Repeat the data in full. Drop every picture.

## DATA
───
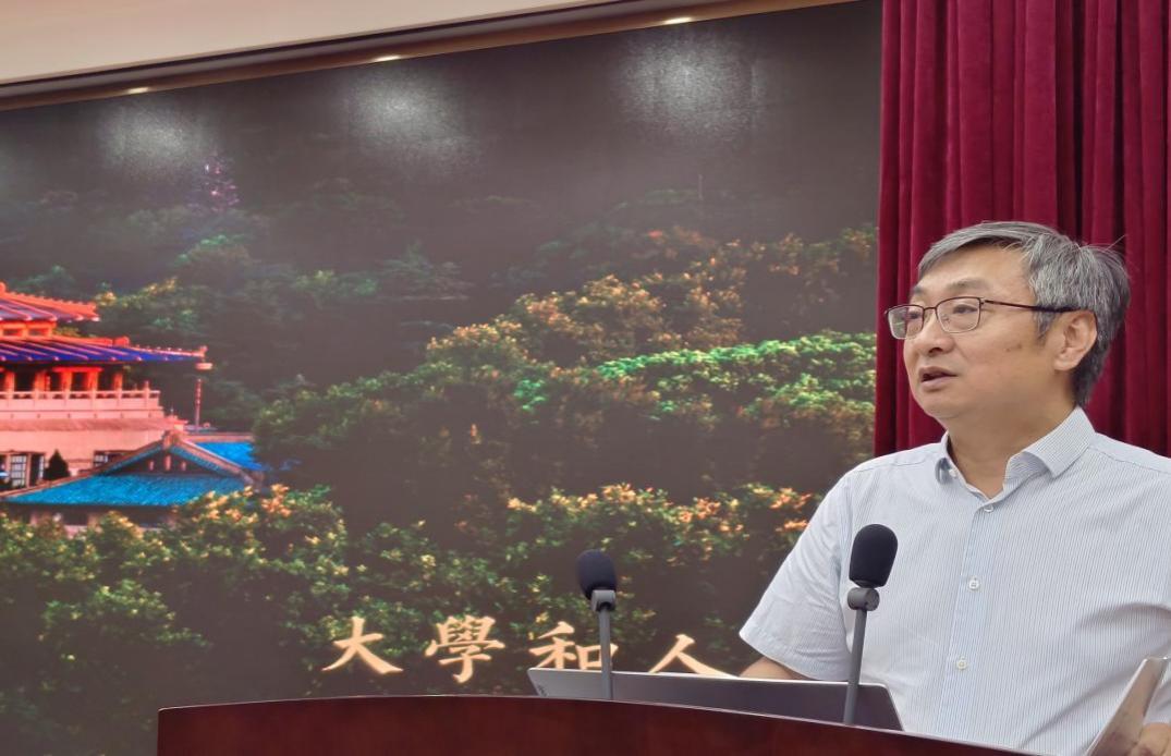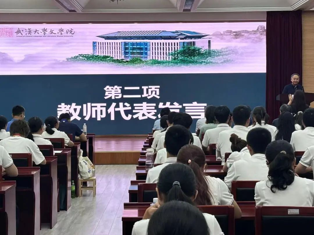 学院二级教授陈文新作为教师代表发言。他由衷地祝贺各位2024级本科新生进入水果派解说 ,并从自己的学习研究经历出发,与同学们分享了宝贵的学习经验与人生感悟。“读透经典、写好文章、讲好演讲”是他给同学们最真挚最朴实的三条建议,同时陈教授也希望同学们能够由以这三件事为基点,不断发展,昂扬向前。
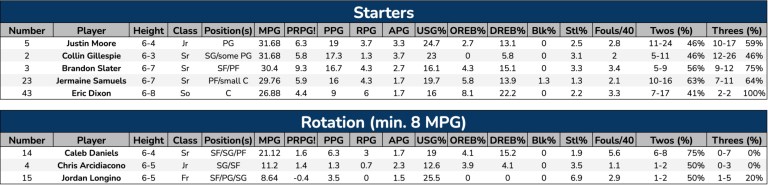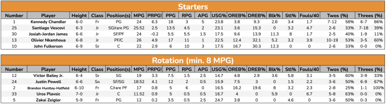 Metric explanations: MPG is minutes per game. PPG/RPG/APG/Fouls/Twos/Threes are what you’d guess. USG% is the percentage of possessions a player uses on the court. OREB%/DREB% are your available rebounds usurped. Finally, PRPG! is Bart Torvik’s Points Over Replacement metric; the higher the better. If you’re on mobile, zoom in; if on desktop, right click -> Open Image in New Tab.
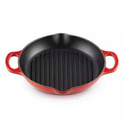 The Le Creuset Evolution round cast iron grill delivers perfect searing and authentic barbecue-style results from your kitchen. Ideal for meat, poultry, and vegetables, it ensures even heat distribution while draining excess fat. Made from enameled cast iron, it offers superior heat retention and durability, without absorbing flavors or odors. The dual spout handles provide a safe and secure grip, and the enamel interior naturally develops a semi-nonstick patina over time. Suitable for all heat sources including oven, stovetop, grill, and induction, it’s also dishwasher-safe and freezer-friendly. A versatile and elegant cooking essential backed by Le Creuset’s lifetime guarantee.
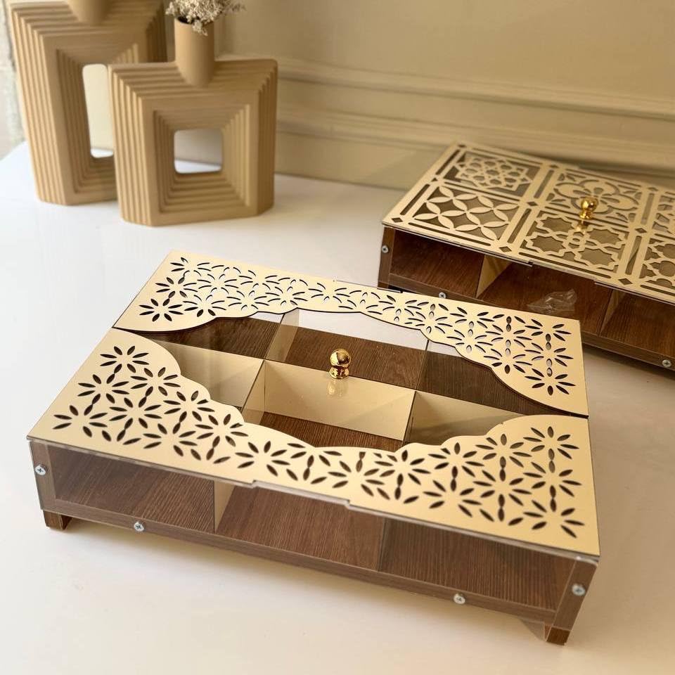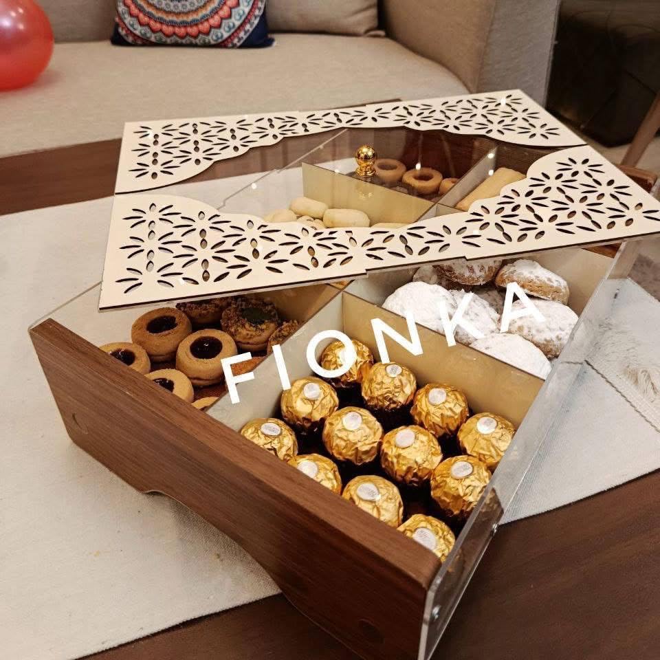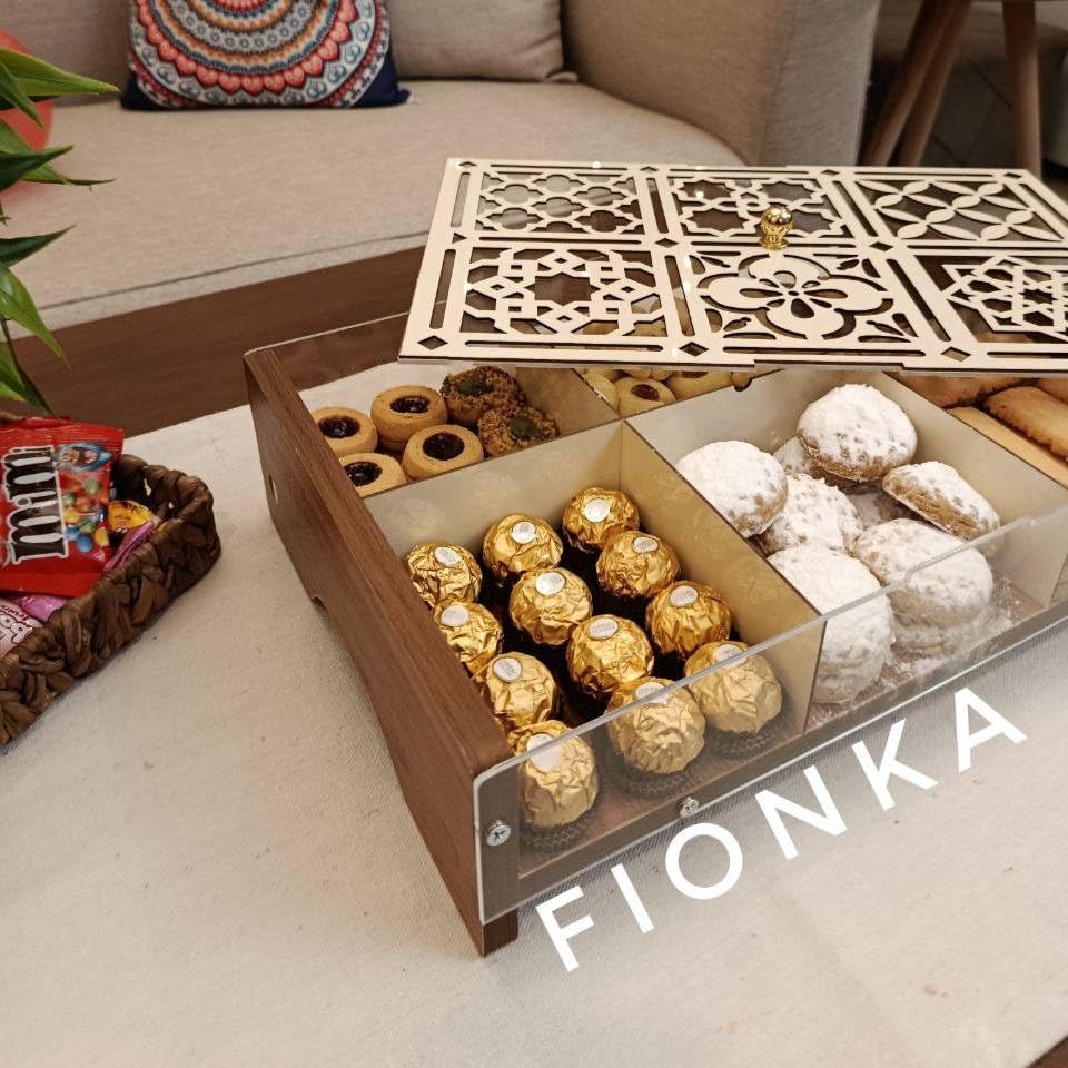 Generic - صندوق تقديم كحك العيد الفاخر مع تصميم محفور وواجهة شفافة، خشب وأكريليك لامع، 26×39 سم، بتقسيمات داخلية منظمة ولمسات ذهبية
───
## TASK RESULT
 学院二级教授陈文新作为教师代表发言。他由衷地祝贺各位2024级本科新生进入水果派解说 ,并从自己的学习研究经历出发,与同学们分享了宝贵的学习经验与人生感悟。“读透经典、写好文章、讲好演讲”是他给同学们最真挚最朴实的三条建议,同时陈教授也希望同学们能够由以这三件事为基点,不断发展,昂扬向前。
 Metric explanations: MPG is minutes per game. PPG/RPG/APG/Fouls/Twos/Threes are what you’d guess. USG% is the percentage of possessions a player uses on the court. OREB%/DREB% are your available rebounds usurped. Finally, PRPG! is Bart Torvik’s Points Over Replacement metric; the higher the better. If you’re on mobile, zoom in; if on desktop, right click -> Open Image in New Tab.
 The Le Creuset Evolution round cast iron grill delivers perfect searing and authentic barbecue-style results from your kitchen. Ideal for meat, poultry, and vegetables, it ensures even heat distribution while draining excess fat. Made from enameled cast iron, it offers superior heat retention and durability, without absorbing flavors or odors. The dual spout handles provide a safe and secure grip, and the enamel interior naturally develops a semi-nonstick patina over time. Suitable for all heat sources including oven, stovetop, grill, and induction, it’s also dishwasher-safe and freezer-friendly. A versatile and elegant cooking essential backed by Le Creuset’s lifetime guarantee.
 Generic - صندوق تقديم كحك العيد الفاخر مع تصميم محفور وواجهة شفافة، خشب وأكريليك لامع، 26×39 سم، بتقسيمات داخلية منظمة ولمسات ذهبية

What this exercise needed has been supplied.